Rick Perry's foreign policy: Too 'confused'?

Sometimes he sounds like Israel's best friend. Other times he sounds like a liberal critic of "military adventurism." Just what does this Texan believe, anyway?

Texas Gov. Rick Perry (R)
(Image credit: Win McNamee/Getty Images)

Almost every pundit agrees that jobs and the economy will be the big issues in the 2012 election. But the U.S. is still fighting multiple wars, facing huge economic and military challenges from China, and dealing with a Middle East undergoing its biggest upheaval in generations. What does Republican presidential frontrunner Rick Perry think about these situations? So far, the Texas governor has criticized "military adventurism," advocated "taking the fight to the enemy wherever they are," backed building schools in Afghanistan, and urged that it's time to bring the troops home — leading to charges that his foreign policy views are "confused," "inconsistent, muddled, and sometimes contradictory." Are they?

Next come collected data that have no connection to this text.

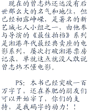 现在的曾志炜还远没有后世那么大的名气和地位,但已经初露峥嵘,是著名的新艺城七人小组之一,由他参与导演的《最佳拍档》系列是湘港80年代最经典卖座的电影系列,屡次打破湘港票房记录,单就这点就没人敢说曾志炜不懂电影。
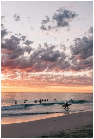 Surfers enjoy the waves under a dramatic sunset sk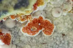 Suele encontrarse asociado a otros minerales como: uraninita, ilsemannita, jordisita, iriginita, schoepita, uranofana, rutherfordina, calcurmolita, fluorita, pirita, yeso o cuarzo. calcurmolite, fluorite, pyrite, gypsum, quartz.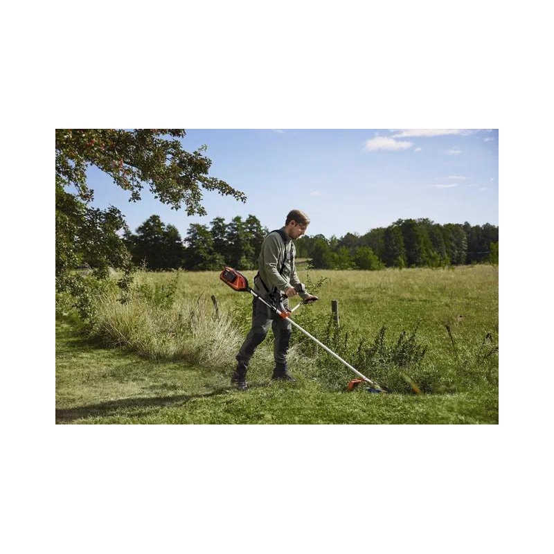 Profesjonalna jakość i wydajność tej wykaszarki akumulatorowej skutecznie radzi sobie z gęstą trawą i lekkimi zaroślami przy każdej pogodzie. Bezszczotkowy silnik E-torq posiada aktywne chłodzenie dla maksymalnej wydajności i jest montowany z tyłu dla optymalnego wyważenia i ochrony silnika. Ergonomiczny uchwyt, cyfrowy interfejs użytkownika, uprząż premium i miękki uchwyt zwiększają komfort i wygodę. Dołączona głowica żyłkowa, osłona Combi Guard i metalowy nóż do trawy zapewniają doskonałe rezultaty za każdym razem. Jest częścią systemu akumulatorów Husqvarna BLi-X 36 V.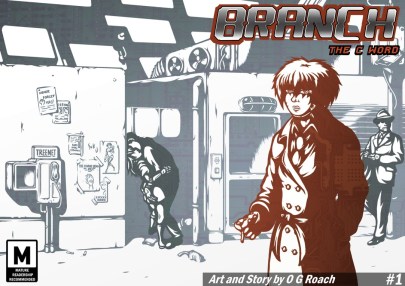 With an initial version of the cover I showed a friend which had Scratch on her own he told me it looked a little too barren and that I ought to capitalise on the sense sleaziness indicated by the posters next to the Treenet booth and have a couple in the back alley. Given my intention to disturb rather than titillate with this I may have pushed a little further than intended, it started out as a kiss/embrace but now looks somewhat more explicit.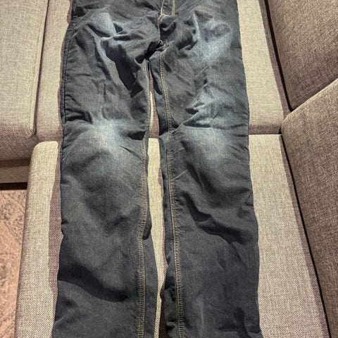 Sweep Jeans KJRN bukser i mørk blå denim, størrelse W30 L32, designet for herre. Laget av 97% bomull og 3% elastan for fleksibilitet og komfort. Produktet har forsterkede områder og mesh-foring, egnet for motorsykkelbruk med CE-godkjenning. Laget i Pakistan.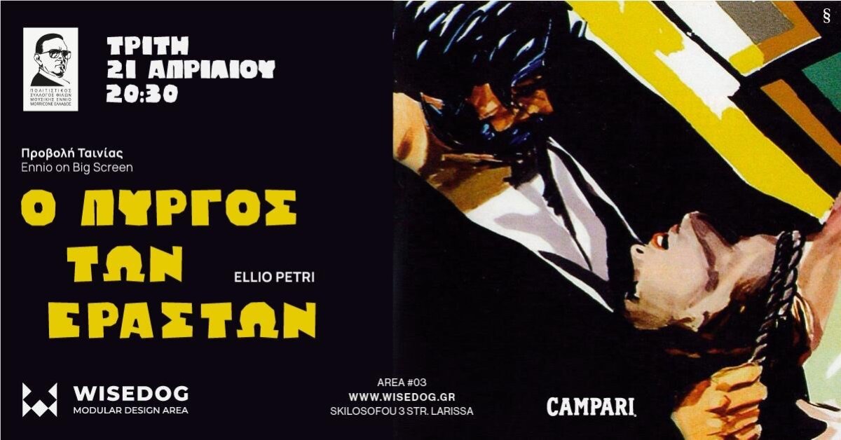 Η ομάδα Ennio on Big Screen, σε συνεργασία με τον Σύλλογο Φίλων Ennio Morricone, παρουσιάζει για πρώτη φορά στην Ελλάδα την ταινία «Ο Πύργος των Εραστών» (1968) σε σκηνοθεσία Έλιο Πέτρι και με πρωταγωνιστές τους Φράνκο Νέρο και Βανέσα Ρέντγκρέιβ.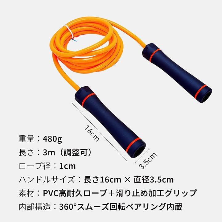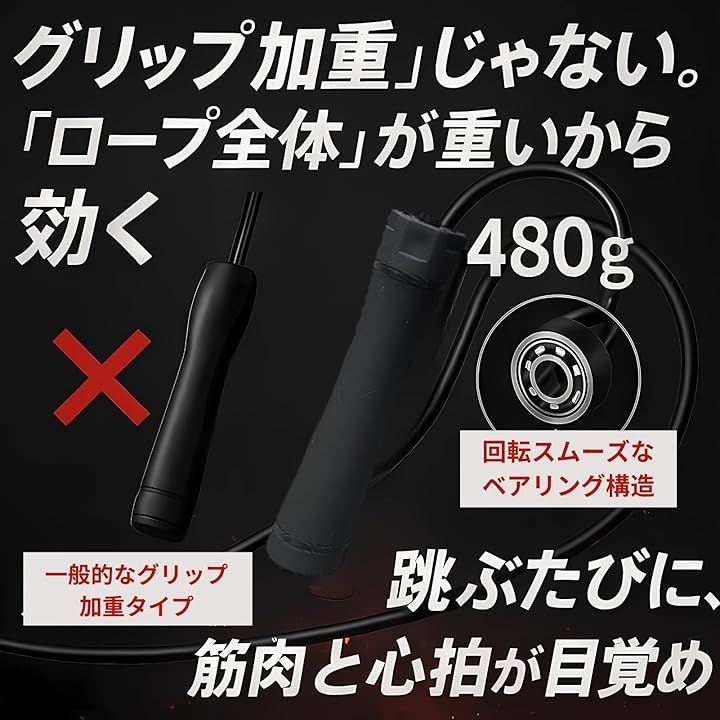 この480g加重縄跳びは、ロープ自体に重量を持たせることで、跳ぶたびに肩・腕・体幹まで同時に刺激します。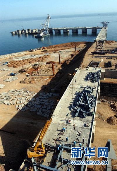 这是在建设中的大连30万吨级矿石码头(2004年2月17日摄)。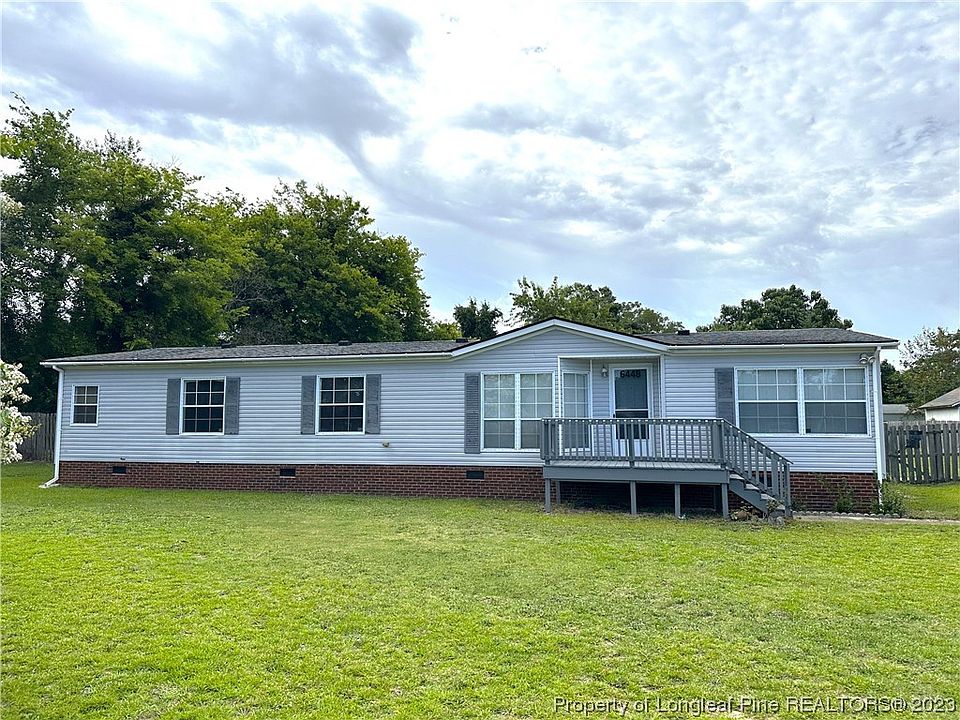 Large half acre lot in Stedman with a three bedroom-two bath manufactured home. Home comes with a large great room with laminate flooring and a fireplace. Kitchen has an island and breakfast bar. Master bedroom is large with walk in closet and master bath has garden tub. Home has a overhang for entertainment or relaxation backyard. Come see today!

Perry's views are hard to pin down: The Texas governor is in hot water with the "hawkish Republican Right" over his talk of withdrawing from Afghanistan, says Ali Gharib at ThinkProgress. After Perry gave hope to neoconservatives by getting "the Bush foreign policy band back together" to advise him, the Texan now seems to be backing off toward some as-yet-undetermined "middle ground." The result? His "Afghanistan war strategy sounds an awful lot like President Obama's."